We are offering the Offered Securities directly to BVF Partners L.P. pursuant to this prospectus supplement. We have not engaged the services of an underwriter or placement agent in connection with this direct placement.
BVF Partners L.P. will acquire the securities offered hereby in the ordinary course of its business for investment purposes, and has advised us that it has not entered into any agreements, understandings or arrangements with any underwriters or broker-dealers regarding the sale of these securities.
In connection with its purchase of our securities, BVF Partners L.P. will enter into a voting and standstill agreement pursuant to which, among other things, BVF Partners L.P. will covenant to us that at no time will it exercise any voting control in excess of 19.9% of the then outstanding voting power on any matter brought to a vote of shareholders. To the extent that at any time, BVF Partners L.P. holds securities having voting rights in excess of that specified percentage limit, the coverage shall be the subject of a proxy granted to the Company’s Board of Directors (the “Board”) and the Board shall vote that excess number of shares with the majority of the shareholders voting on any matter brought before them. In addition, BVF Partners L.P. has agreed to a standstill provision whereby it has agreed to limit its direct and indirect interest, including voting securities held by or through affiliates or other entities under common control, to 24.99% of our outstanding voting securities.

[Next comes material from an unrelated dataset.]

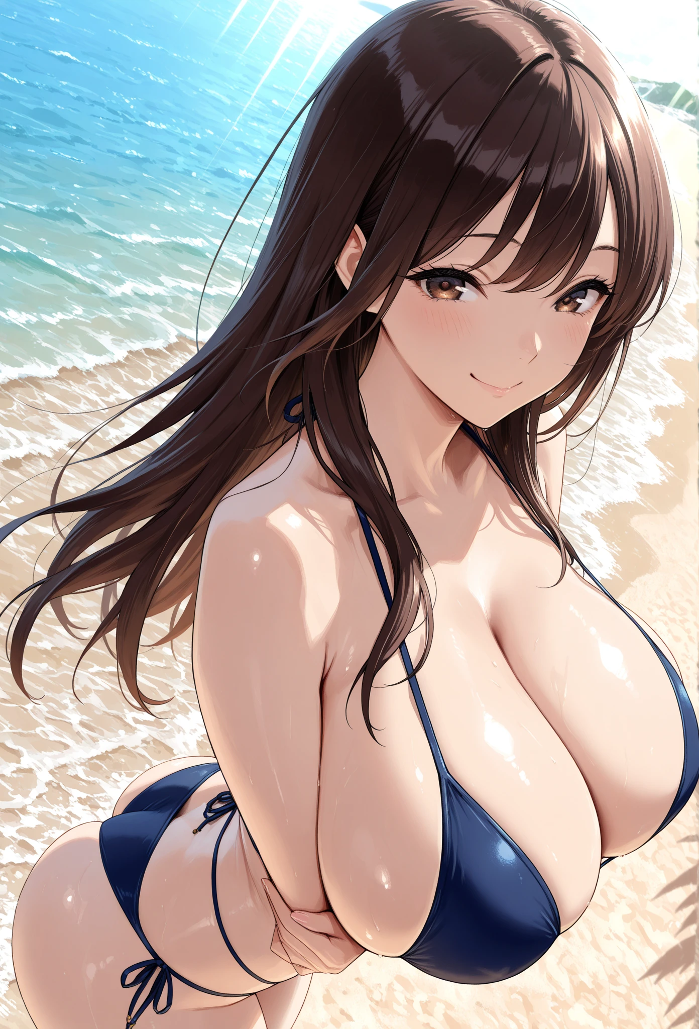 落ち着いた紺色を基調にしつつ、大きな胸が印象に残る水着。派手さはないのに、不思議と目を引く。
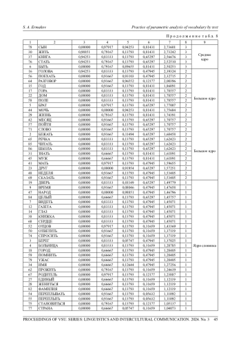 При подготовке словника к параметрическому анализу, прежде всего, необходимо создать его конкорданс – «упорядоченный список всех словоформ (или слов), с указанием их вхождений в заданный массив текстов» [4, с. 73]. Конкорданс отображает полный текст словника, и для каждой словоформы приводится контекст, который иллюстрирует ее использование, что является весьма полезным и востребованным в дальнейшей работе. Важно отметить, что количество слов в конкордансе должно строго соответствовать количеству слов в словнике. Так, во избежание потери слов при создании конкорданса нам пришлось прибегнуть к удалению всех знаков тире из текста перед его конвертацией компьютерными программами.

BVF Partners L.P. and any of its pledgees, donees, assignees and other successors-in-interest may, from time to time, sell any or all of the securities that are the subject of this prospectus supplement, and may use or deliver this prospectus supplement in connection with any such sales, which sales may be at fixed or negotiated prices, and be effected in ordinary brokerage transactions and transactions in which the broker-dealer solicits purchasers; block trades; purchases by a broker-dealer as principal and resale by the broker-dealer for its account; in privately negotiated transactions; a combination of any such methods of sale; or through any other method permitted pursuant to applicable law.
BVF Partners L.P. and any brokers, dealers or agents, upon effecting the sale of any of the securities that are the subject of this prospectus supplement may be deemed to be “underwriters” as that term is defined under the Securities Act of 1933 or the Securities Exchange Act of 1934, as amended, or the rules and regulations under such acts. In such event, any commissions received by such broker-dealers or agents and any profit on the resale of the securities purchased by them may be deemed to be underwriting commissions or discounts under the Securities Act of 1933.
Other than in the United States, no action has been taken by us or the institutional investor that would permit a public offering of the ADSs or Warrants offered by this prospectus in any jurisdiction where action for that purpose is required. The ADSs and Warrants offered by this prospectus may not be offered or sold, directly or indirectly, nor may this prospectus or any other offering material or advertisements in connection with the offer and sale of any such ADSs or Warrants be distributed or published in any jurisdiction, except under circumstances that will result in compliance with the applicable rules and regulations of that jurisdiction. Persons into whose possession this prospectus comes are advised to inform themselves about and to observe any restrictions relating to the offering and the distribution of this prospectus. This prospectus supplement does not constitute an offer to sell or a solicitation of an offer to buy any ADSs or Warrants offered by this prospectus supplement in any jurisdiction in which such an offer or a solicitation is unlawful.